The literary work is defined by the word. The photographic work is defined by colour. Both works have a two-dimensional surface as a common feature.
The works are merged by matching the distribution of words in the text with the distribution of colours in the photographic work. The comparison is made between the simplified proportion of the surface ratio of words and colours in the individual works.
The abstraction of the photograph reduces its immanent information exclusively around the representational image, all other information is retained. The text is inoculated with this information.
The text has an advantage here because its functionality is preserved and it is expanded by information.
(04/21)
Clean text to create a cleaned up justification of the text. Isolate words. Draft rule for using punctuation marks in relation to words. Count words. Determine length of words. Determine frequency of words. Determine the frequency of words of a certain length. Determine the total length of words with a certain length.

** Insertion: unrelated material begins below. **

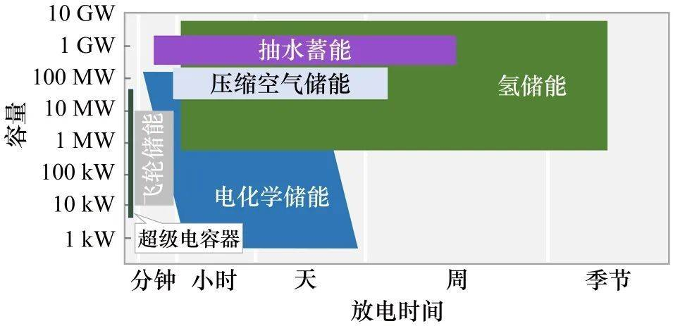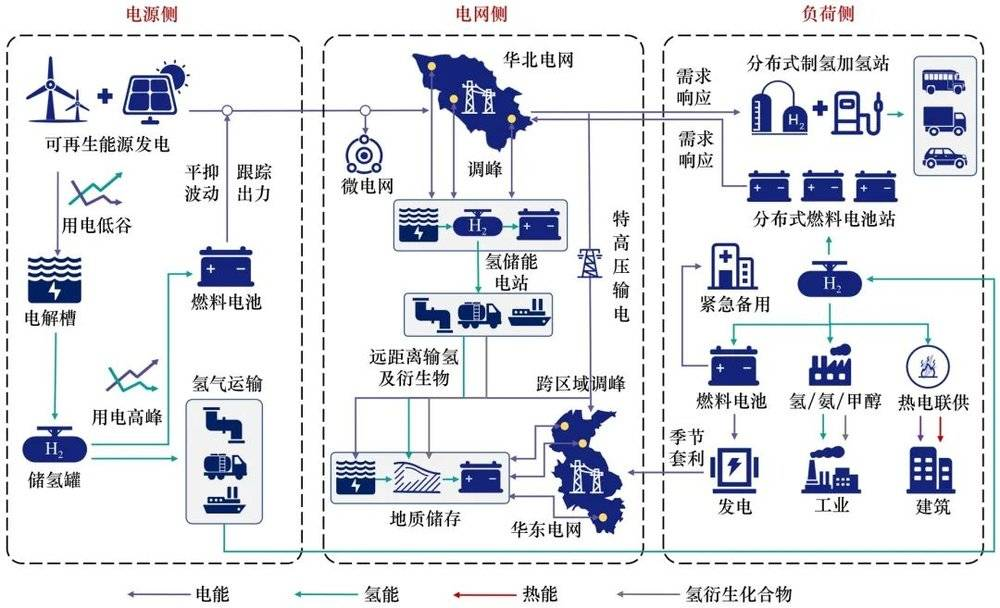 图2 新型电力系统与传统电力系统的对比 针对上述变化,新型电力系统面临着诸多新诉求: ① 构建新型电力系统的核心是新能源成为主体电源后如何实现不同时间尺度上的功率与能量平衡,其关键在于统筹发展不同功能定位的储能。电化学储能主要解决系统短期尺度的功率平衡,难以应对周、月、季等长期尺度下的能量不平衡问题,亟需引入先进的长时储能技术。 ② 随着新能源逐步取代化石能源装机,能量在空间上的不平衡性愈发凸显。现阶段调峰资源以火电机组、抽水蓄能电站为主,跨区域调峰能力受输配电网络布局和容量的限制,且随着煤电机组的提前退役和抽水蓄能电站开发殆尽,未来调节能力有限,亟需引入大规模、跨区域的新兴调峰手段。 ③ 电能替代是实现碳中和目标的重要手段。然而,单纯依靠电气化难以实现重卡运输、铁路货运、航空航天等交通领域和冶金、水泥、化工等工业领域的深度脱碳,新型电力系统亟需与其他深度脱碳的能源品种进行有机融合。 面对以上新型电力系统的诉求,氢能可发挥如下的关键作用: ① 氢可以多种方式进行储存,如高压压缩、低温液化、固体储氢、转化为液体燃料或与天然气混合储存在天然气基础设施中,从而实现小时至季节的长时间、跨季节储存; ② 液态氢能量密度大(143 MJ/kg,可折算为40 kWh·kg),约为汽油、柴油、天然气的2.7倍、电化学储能(根据种类不同,在100~240 Wh/kg)的百倍,氢储能是少有的能够储存百吉瓦时以上的方式,且氢气的运输方式多元,不受输配电网络的限制,从而实现大规模、跨区域调峰; ③ 氢能作为高能量密度、高燃烧热值的燃料,可在重卡运输、铁路货运、航运和航天等交通应用场景发挥重要作用;与此同时,氢能还是一种重要的工业原料,绿色氢能可用于替代化石燃料作为冶金、水泥和化工等工业领域的还原剂。 氢储能在新型电力系统中的定位有别于电化学储能,主要是长周期、跨季节、大规模和跨空间储存的作用,在新型电力系统“源网荷”中具有丰富的应用场景,如图3所示。

There are 6335 different words in the text. For the purposes of this work, a word is a text component that is surrounded by spaces (adjusted for punctuation marks). Numbers and figures are words. Abbreviations are words.
The length of words, as defined, includes words of 1, 2, 3, 4, 5, 6, 7, 8, 9, 10, 11, 12, 13, 14 ,15, 16, 17, 18, 19, 20 ,21, 23, 24, 33 characters.
(06/21)
Determine colour values in RGB from the photograph in a raster by means of a color analyser (used DATACOLOR DC10-3) and transfer them to a list. Convert hexadecimal values into decimal R-G-B values.
678 measuring points are recorded. In all values, there are only two duplications of colour values.
(11/20)
Transfer the entire text of Michael Kumpfmüller's "Ach! Virginia" (978-3-462-04921-3) into a text file. Find numerical anomalies in the text. Measure colour values from Anne Leibovitz's photograph The River Ouse, near Monks House (pages 40-41 of "Pilgrimage" 978-0-375-50508-9) in a defined grid and save them in RGB values. Find numerical anomalies in the distribution of colour values.
Find out the definition of the commonalities of the numerical anomalies and apply these commonalities to the distribution of colour values in the block text.